▸ **What is being asked**
Begin at the line containing "오늘 기관 순매수 상위 종목에서는 방산, 전력, 식품, 경기방어주를 순매수함." in the records below, end at the line containing "20170705 09372986 2),近期被人蓄意将承兑人PS为中国光大银行股份有限公司", and retype each line in that span exactly. No other line and no image should appear.

▸ **Supplied data**
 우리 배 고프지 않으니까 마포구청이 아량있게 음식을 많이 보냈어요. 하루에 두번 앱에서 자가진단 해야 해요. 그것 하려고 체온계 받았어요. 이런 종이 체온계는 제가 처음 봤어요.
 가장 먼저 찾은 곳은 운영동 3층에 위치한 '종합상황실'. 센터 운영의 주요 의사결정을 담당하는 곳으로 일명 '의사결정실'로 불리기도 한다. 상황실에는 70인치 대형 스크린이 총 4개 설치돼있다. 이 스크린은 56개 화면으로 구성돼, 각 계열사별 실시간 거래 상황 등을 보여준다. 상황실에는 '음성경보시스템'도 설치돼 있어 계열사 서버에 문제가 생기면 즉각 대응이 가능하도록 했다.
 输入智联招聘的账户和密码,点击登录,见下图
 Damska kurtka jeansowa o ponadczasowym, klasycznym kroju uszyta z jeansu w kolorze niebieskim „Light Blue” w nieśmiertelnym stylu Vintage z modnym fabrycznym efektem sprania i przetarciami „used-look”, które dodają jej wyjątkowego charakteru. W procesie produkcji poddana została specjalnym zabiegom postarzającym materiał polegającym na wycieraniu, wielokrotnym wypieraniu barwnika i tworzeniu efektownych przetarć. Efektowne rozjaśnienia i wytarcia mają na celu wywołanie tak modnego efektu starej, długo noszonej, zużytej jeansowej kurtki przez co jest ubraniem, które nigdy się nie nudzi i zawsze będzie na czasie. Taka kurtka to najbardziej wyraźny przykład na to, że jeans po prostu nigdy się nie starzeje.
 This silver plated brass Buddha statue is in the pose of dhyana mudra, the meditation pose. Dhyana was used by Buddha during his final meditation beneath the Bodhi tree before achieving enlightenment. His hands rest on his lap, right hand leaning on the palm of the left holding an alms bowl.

...

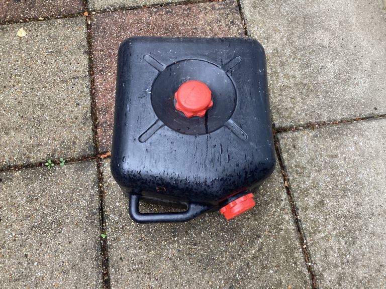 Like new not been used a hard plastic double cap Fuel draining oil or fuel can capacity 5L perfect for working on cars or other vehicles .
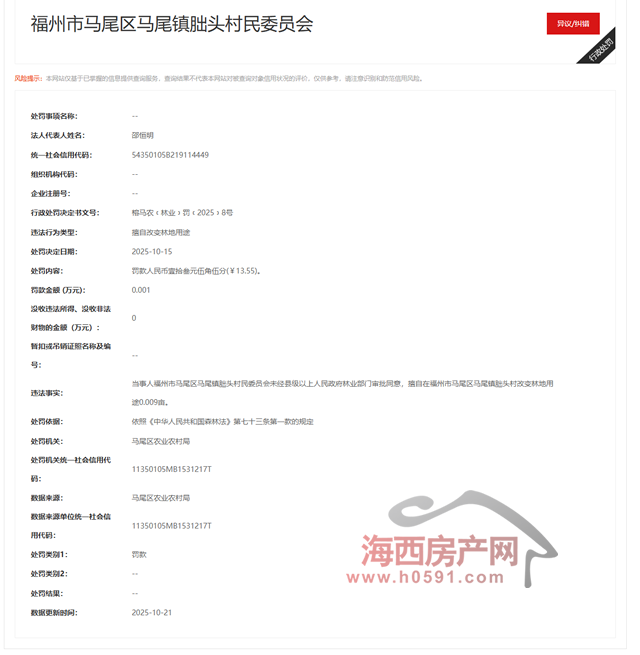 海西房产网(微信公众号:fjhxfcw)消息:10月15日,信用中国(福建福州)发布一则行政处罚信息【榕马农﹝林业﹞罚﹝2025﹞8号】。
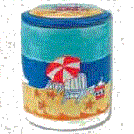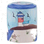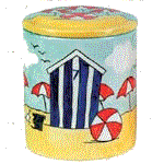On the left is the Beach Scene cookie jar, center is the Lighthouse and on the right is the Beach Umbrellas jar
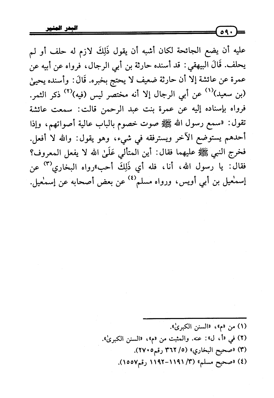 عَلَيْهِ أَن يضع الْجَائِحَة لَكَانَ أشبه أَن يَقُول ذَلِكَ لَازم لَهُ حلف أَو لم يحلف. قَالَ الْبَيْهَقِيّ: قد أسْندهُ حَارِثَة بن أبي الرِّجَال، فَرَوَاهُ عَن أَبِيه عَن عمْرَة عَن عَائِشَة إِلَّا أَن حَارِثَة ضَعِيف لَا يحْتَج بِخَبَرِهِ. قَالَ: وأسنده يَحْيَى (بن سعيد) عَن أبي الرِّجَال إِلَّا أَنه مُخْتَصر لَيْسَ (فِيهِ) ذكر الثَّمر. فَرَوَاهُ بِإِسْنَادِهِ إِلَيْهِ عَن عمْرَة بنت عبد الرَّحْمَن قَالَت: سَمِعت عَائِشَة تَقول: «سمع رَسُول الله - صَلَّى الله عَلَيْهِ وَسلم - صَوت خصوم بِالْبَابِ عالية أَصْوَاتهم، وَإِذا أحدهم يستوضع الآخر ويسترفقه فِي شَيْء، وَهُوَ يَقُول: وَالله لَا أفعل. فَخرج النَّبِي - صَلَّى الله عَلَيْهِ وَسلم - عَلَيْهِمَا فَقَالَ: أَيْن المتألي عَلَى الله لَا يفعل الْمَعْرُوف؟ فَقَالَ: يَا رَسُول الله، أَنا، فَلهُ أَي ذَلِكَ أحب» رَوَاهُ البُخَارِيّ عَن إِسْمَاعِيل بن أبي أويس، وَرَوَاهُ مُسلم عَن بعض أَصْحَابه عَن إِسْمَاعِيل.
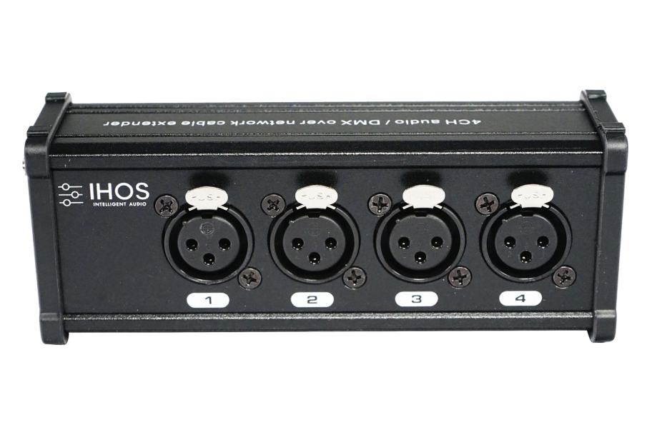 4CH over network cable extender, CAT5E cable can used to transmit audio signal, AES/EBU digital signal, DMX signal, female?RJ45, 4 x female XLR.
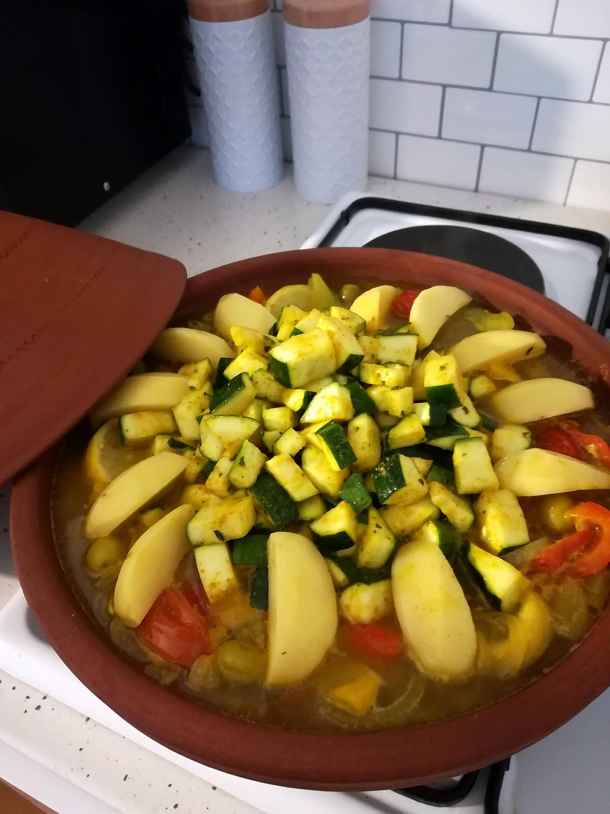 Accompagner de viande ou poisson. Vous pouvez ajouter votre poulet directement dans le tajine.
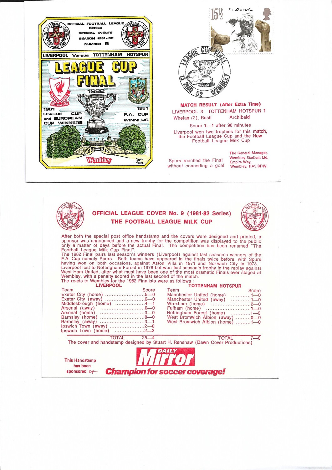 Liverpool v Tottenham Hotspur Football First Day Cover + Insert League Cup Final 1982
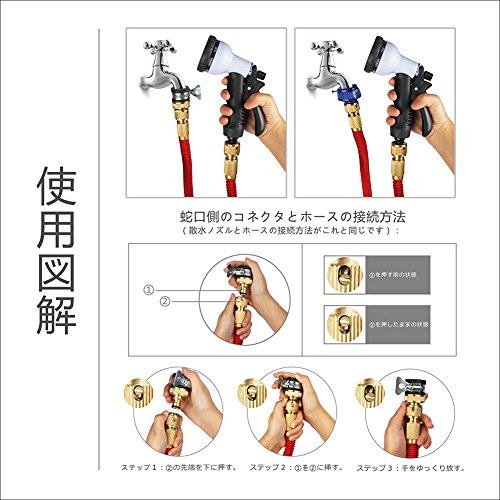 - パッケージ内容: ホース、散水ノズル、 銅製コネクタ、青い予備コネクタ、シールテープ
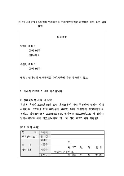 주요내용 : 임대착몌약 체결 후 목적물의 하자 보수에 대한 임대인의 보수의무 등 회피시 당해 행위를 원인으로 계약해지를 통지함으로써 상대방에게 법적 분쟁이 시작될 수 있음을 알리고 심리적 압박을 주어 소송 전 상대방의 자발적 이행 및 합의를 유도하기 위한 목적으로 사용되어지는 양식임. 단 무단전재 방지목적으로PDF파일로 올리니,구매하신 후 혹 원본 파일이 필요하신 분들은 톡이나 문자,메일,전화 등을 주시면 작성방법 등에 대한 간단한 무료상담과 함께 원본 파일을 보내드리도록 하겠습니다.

---

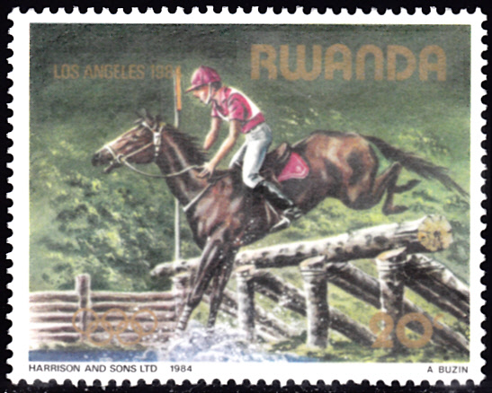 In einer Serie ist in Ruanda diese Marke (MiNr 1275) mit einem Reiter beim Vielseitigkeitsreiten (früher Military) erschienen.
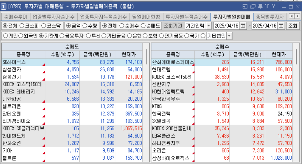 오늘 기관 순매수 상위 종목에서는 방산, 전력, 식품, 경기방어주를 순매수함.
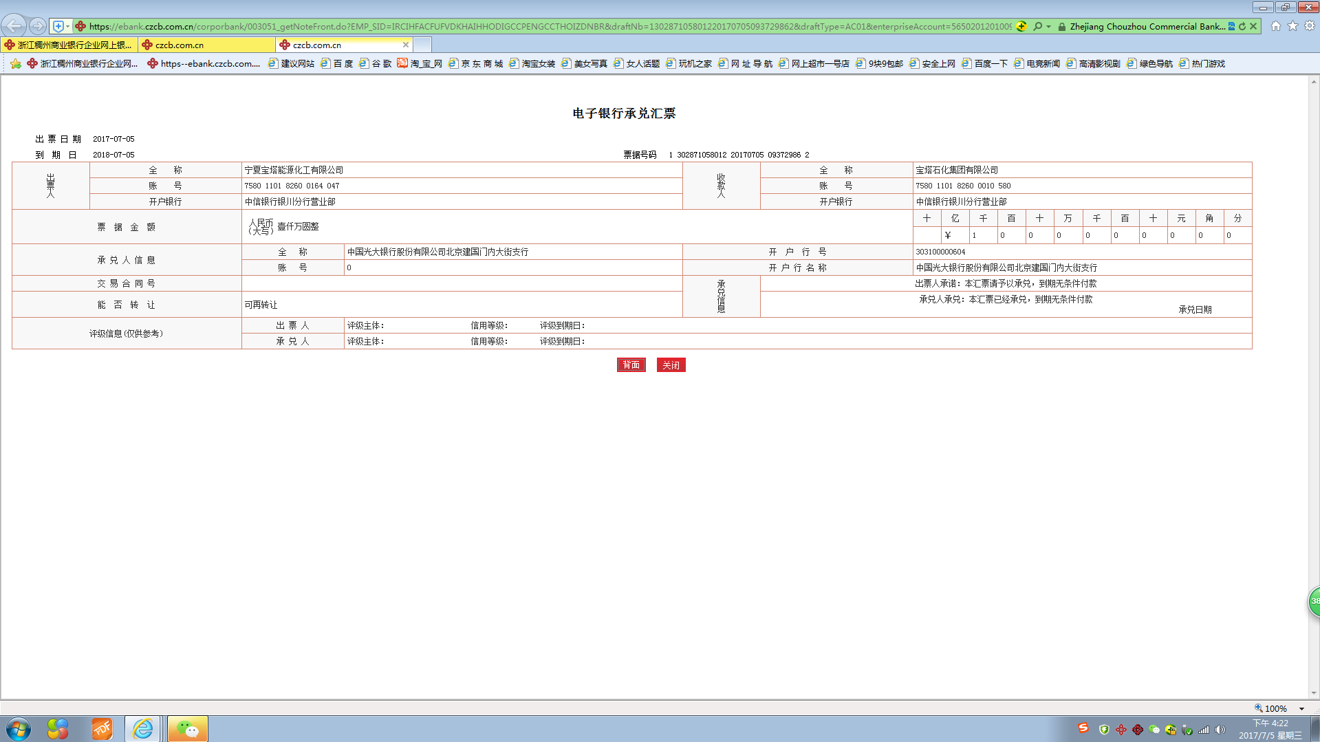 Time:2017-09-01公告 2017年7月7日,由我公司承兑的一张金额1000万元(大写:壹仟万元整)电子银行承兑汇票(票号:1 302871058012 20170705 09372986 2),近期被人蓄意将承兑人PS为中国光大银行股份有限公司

▸ **Exercise response**
 오늘 기관 순매수 상위 종목에서는 방산, 전력, 식품, 경기방어주를 순매수함.
 Time:2017-09-01公告 2017年7月7日,由我公司承兑的一张金额1000万元(大写:壹仟万元整)电子银行承兑汇票(票号:1 302871058012 20170705 09372986 2),近期被人蓄意将承兑人PS为中国光大银行股份有限公司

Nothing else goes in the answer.